Here, 𝑦̂, is the predicted Wait Time, the x’s are the features or columns in the data, 𝛽0 is the intercept, and 𝛽1, 𝛽2, etc. are the coefficients of each feature.

Using Ordinary Least Squares Regression, and the train/test split method (80% train, 20% test), I first focused on only using the weather features in my model: Temperature, Dew Point, Humidity, Wind Speed, Wind Gust, Pressure, and Precipitation.  This resulted in an R2 of 0.23 on my train set, and an R2 of 0.20 on my test set, meaning the weather features alone explain 20% of the variance in wait times at Splash Mountain.  My mean squared error (MSE) was 709.8 and my root mean square error (RMSE) was 26.6 minutes.
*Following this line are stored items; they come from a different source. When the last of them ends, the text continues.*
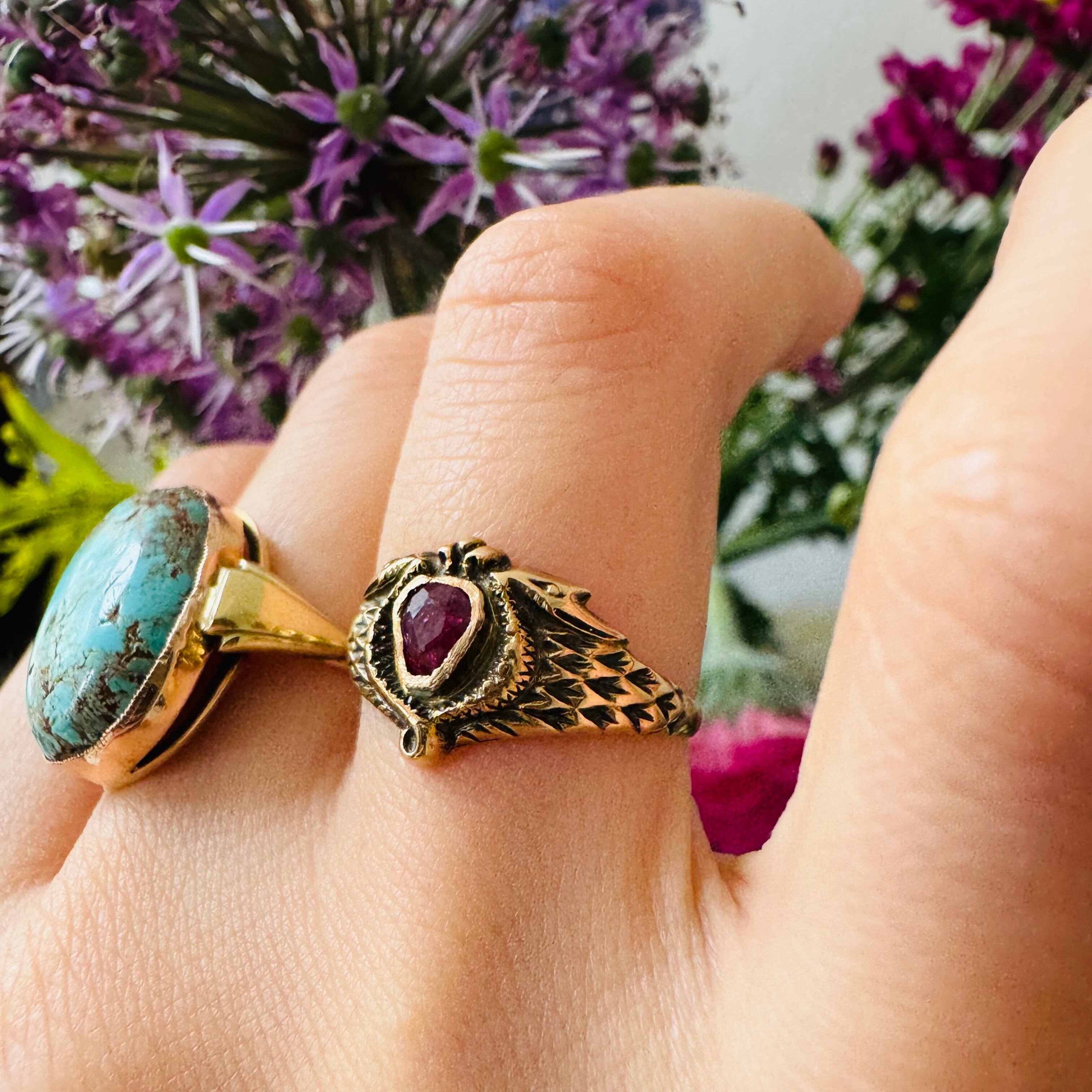 ペリカンとルビー、ガーネットの組み合わせは当時の女王が所有する宝石のコレクションに見られ、今作のデザインはその影響を受けたと考えられる類稀な逸品です。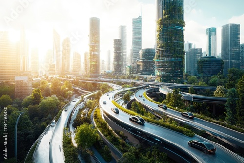 © Thedinindu, Fototapeta premium Futuristic eco-city with elevated highways winding through lush greenery and modern skyscrapers.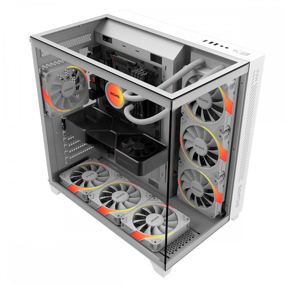Tags de GFFMAXWG: Gabinete Pcyes, Forcefield Max, White Ghost, gabinete branco, gabinete gamer branco, setup white, pc branco, vidro temperado, frontal de vidro, lateral de vidro, gabinete aquário, vitrine gamer, mid tower, gabinete ATX, case gamer branco, pc gamer, Pcyes original, hardware, casemod, montar pc, espaço para water cooler, cable management, gabinete sem fonte, refrigeração pc, pc custom, componentes pc, upgrade pc, pc iluminado, gabinete premium, gabinete matx, gabinete mid tower, GFFMAXWG, CP252558, 252558,, PCYES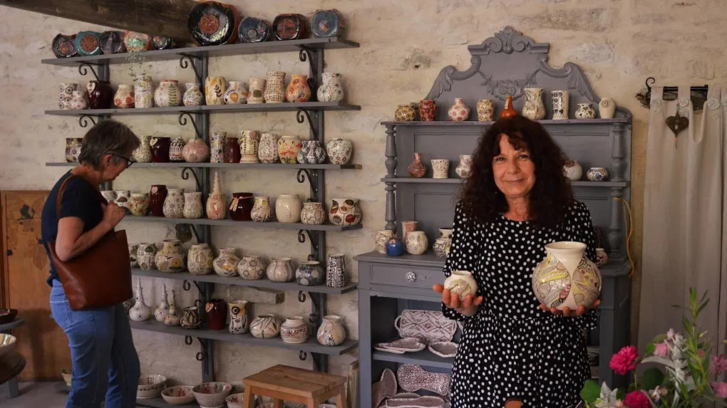C'est dans un vieux bâtiment rénové par son mari, que Marcelle installée. Venir chez Marcelle, c'est un peu rentrer dans un autre univers. En effet, comme elle le déclare elle-même, elle aime travailler la terre dans tous ses états, aussi bien dans la poterie que dans son jardin, car pour rejoindre son atelier, il faut cheminer au travers d'un jardin fleuri et décoré de diverses poteries. La petite maison nichée dans la verdure, se voit à peine et tout au bout on découvre l'atelier décoré par ses soins. « J'ai toujours voulu faire de la poterie. J'ai démarré à 19 ans en autodidacte, mais j'ai tout de même appris les bases dans un atelier, car il y a des techniques qu'il faut connaître. J'en ai fait toute ma vie, et maintenant que je ne travaille plus, j'avais envie de m'agrandir, d'où la création de cet atelier. Après le façonnage à la main j'ai eu envie de démarrer également le travail sur un tour il y a six ans environ, mais il m'a fallu trois ans avant de faire quelque chose de concret, car ce n'est pas aussi simple qu'il y paraît. » Et dans son atelier on peut trouver plus de 200 pièces, des très petites (comme des boutons ou encore des boucles d'oreilles), et des plus grosses comme des vases de formes très originales. « Je m'inspire beaucoup de la nature pour mes motifs sur mes poteries, mais je crée également des objets sur lesquels j'apporte du relief (avec des napperons par exemple), j'ai également des pièces de vaisselle, des petits plats et des vide-poches, etc. J'essaie d'en faire pour tous les goûts, et mes pièces varient de 5 € à 70 €. Je peux réaliser des commandes pour peu que les gens m'expliquent bien ce qu'ils veulent et je vais mettre en place des ateliers pour ceux qui auront envie de faire leurs propres créations pour les fêtes par exemple. »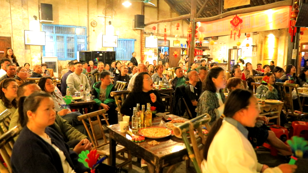 艾叶镇盐工俱乐部内,工业风的厂房被改造成最燃的观赛据点。当VAR取消对手进球时,厂房里炸开锅般的喝彩声仿佛要将屋顶掀翻;下半场每一次进攻,大家都紧握拳头,齐声高喊改编自盐工号子的助威口号——“嘿嚯!自贡!嘿嚯!雄起!”那浑厚的呐喊声穿透夜空,将千年盐都的豪迈气概展现得淋漓尽致。
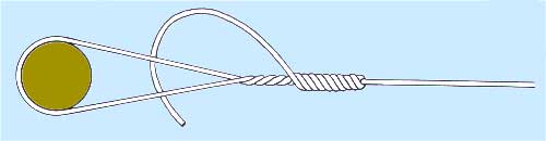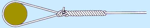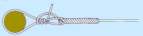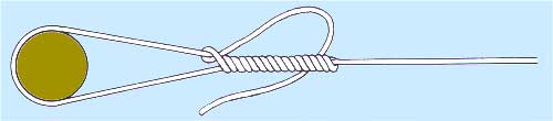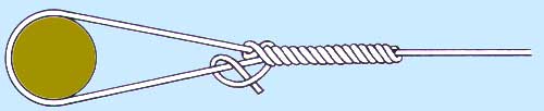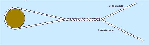 Jetzt wird das Schnurende zurück über die Windungen gewickelt. Hierbei muß die Hauptschnur aber weiterhin stramm gehalten werden..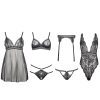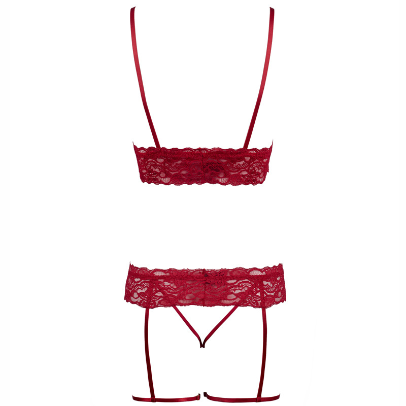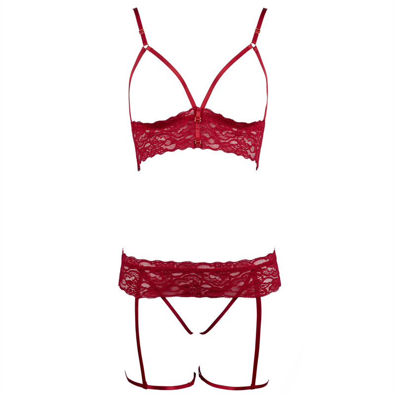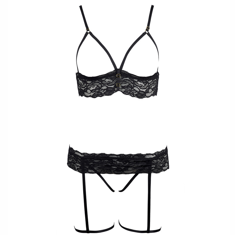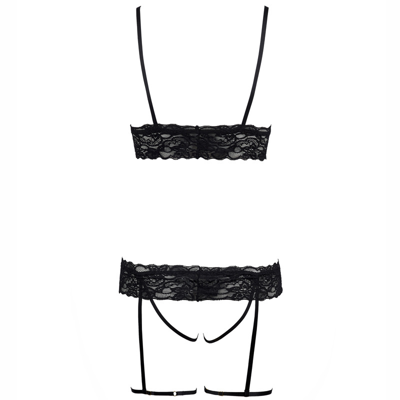 Sexy Lace Pajama Set with Open Front and Leg Garter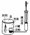 31、图6是研究粉尘爆炸的实验装置。小明迅速压下打气筒内橡皮盘的过程中,橡皮盘下的气体压强将 (选填“变大”、“变小”或“不变”)。通过打气筒得到的压缩空气将小罐中的适量面粉吹满整个容器,面粉在容器内迅速燃烧,发生了爆炸。这一现象表明了化学反应的剧烈程度与 有关。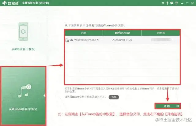 - 步骤二: 打开软件后,选择:从“从iTunes备份中恢复”模式,软件会自动检测电脑上所有的iTunes备份文件,点击需要提取资料的文件,之后开始扫描。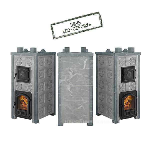 Описание Эверест Легкий пар Профи каменка «по-серому», Талькохлорит, Б/В, Резная (2 стор.+фасад)
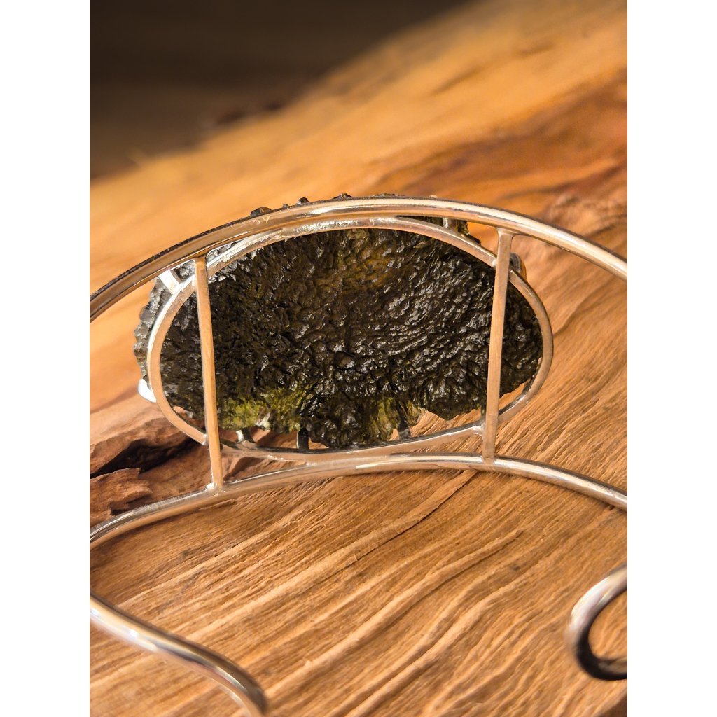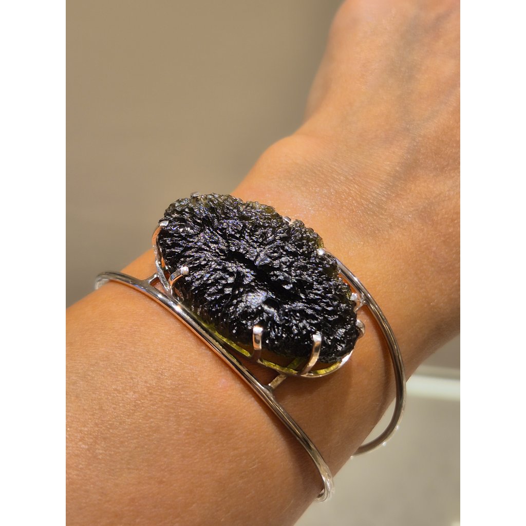 Unikát, který promlouvá – Velký náramek s nebroušeným vltavínem je silným symbolem osobní energie a výjimečnosti. Každý detail ruční práce z něj dělá opravdový solitér.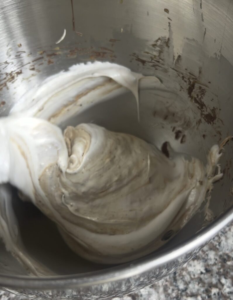 Unimos ahora el chocolate derretido que debe estar a una temperatura inferior a 45 grados, para evitar que se disuelva la mantequilla y una vez bien amalgamados dejamos de batir.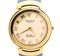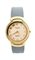 cassa e fibbia deployante in oro giallo 18k, quadrante crema con indici romani e sfere a bastone. Movimento al quarzo. Cinturino commerciale in pelle.
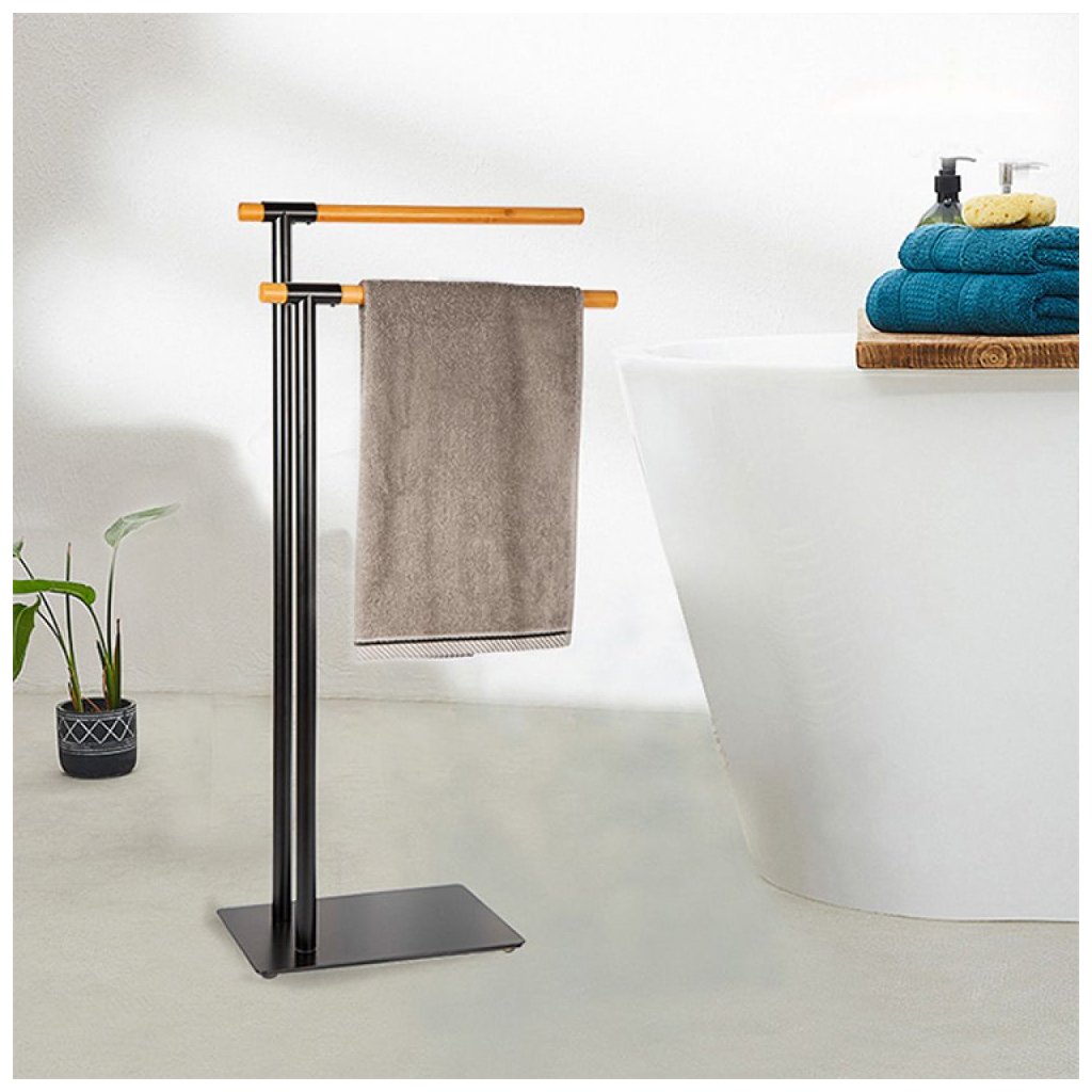 Vyrobený z kvalitného kovu a bambusu, stojan je odolný a ľahko sa udržiava. Jeho montáž je jednoduchá a rýchla, takže si ho môžete zostaviť bez akýchkoľvek problémov. S dvomi odkladacími lištami poskytuje dostatok priestoru pre všetky vaše uteráky, čím zabezpečuje ich pohodlné uskladnenie.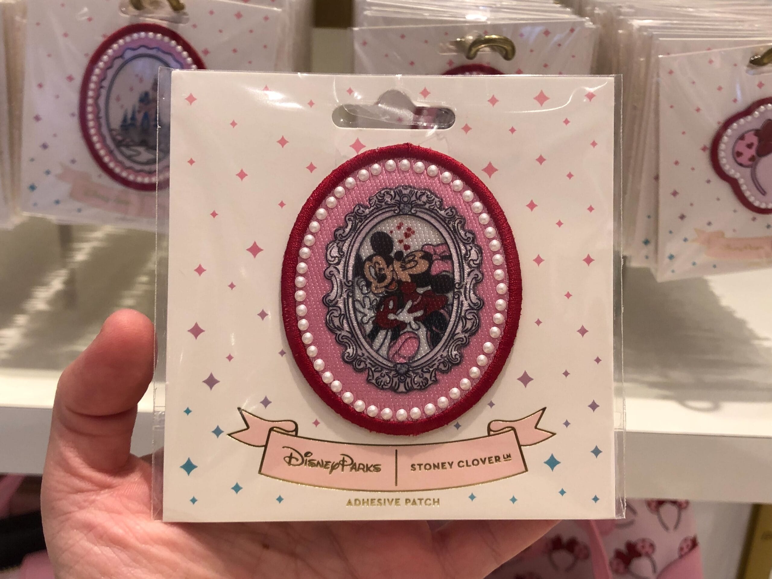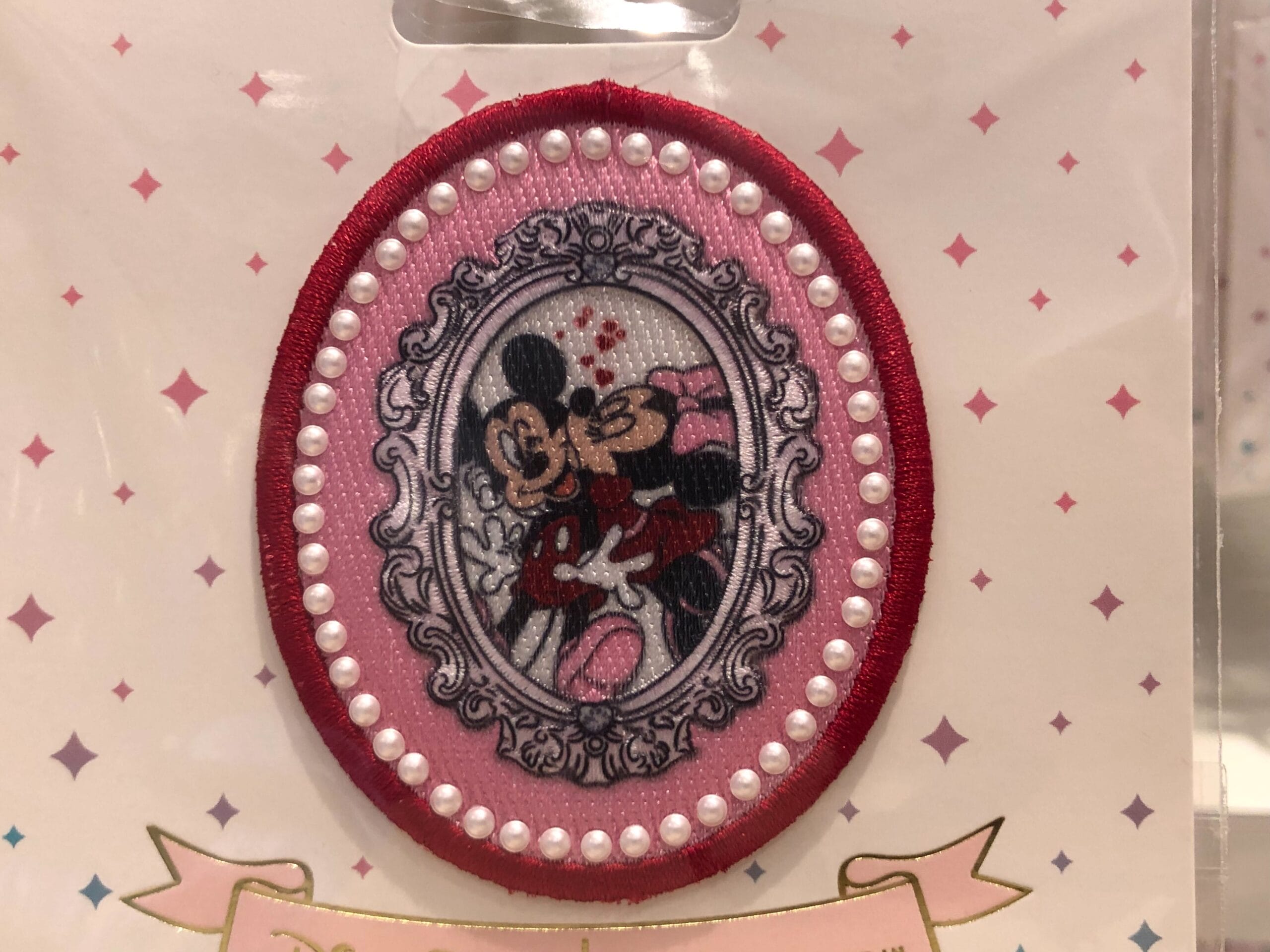 The final patch features Minnie kissing Mickey’s cheek while red hearts appear above their heads. Mickey and Minnie are wearing red shorts and a red dress respectively, and Mickey is wearing pink shoes while Minnie is wearing a pink bow. They are depicted inside of an ornate picture frame.

I then proceeded to add in my time features of Month, Day of the Week, and Hour of the Day.  Since these were categorical features, I had to add them in as dummy variables.  This resulted in an R2 of 0.60, three times the R2 of my first model.  My MSE was halved to 354.0, and my RMSE was reduced to 18.8 minutes.

In my final model, I added the Ticket Season feature, which indicates if the One-Day ticket season is Peak, Regular, or Value.  I also removed the Temperature and Pressure features from the model, since they both had a p-value of less than 0.05.  This further increased my R2 to 0.64, with my final MSE being 319.7 and my RMSE at 17.9 minutes.  In addition, my residuals were normally distributed supporting my decision to use linear regression.


After examining the results, my regression model suggests the following guidelines for this time period for Splash Mountain:

FeatureLower Wait TimesHigher Wait Times
Month (during this period)MayJune
Day of the WeekSundaysWednesdays
HourBefore 10AM, After 8PM12PM-5PM
Ticket SeasonValuePeak
WeatherMore humid, rainWindy conditions

Future Work

Future work to improve the model may include incorporating:

  • Disney events – several events occur throughout the day, such as parades, fireworks, and other shows.  Since many park visitors are watching these shows during these times, this reduces the number of people that are riding rides.
  • New rides/attractions – Many rides and new lands have been opening at the Disney parks.
  • Other rides and locations – Since this model was only based on Splash Mountain, I’d like to do the same for the other rides, as well as Disney World vs Disneyland, since each location brings different types of visitors.
  • Full year/multiple years – I’d extend the time period to a full year to get the full annual picture.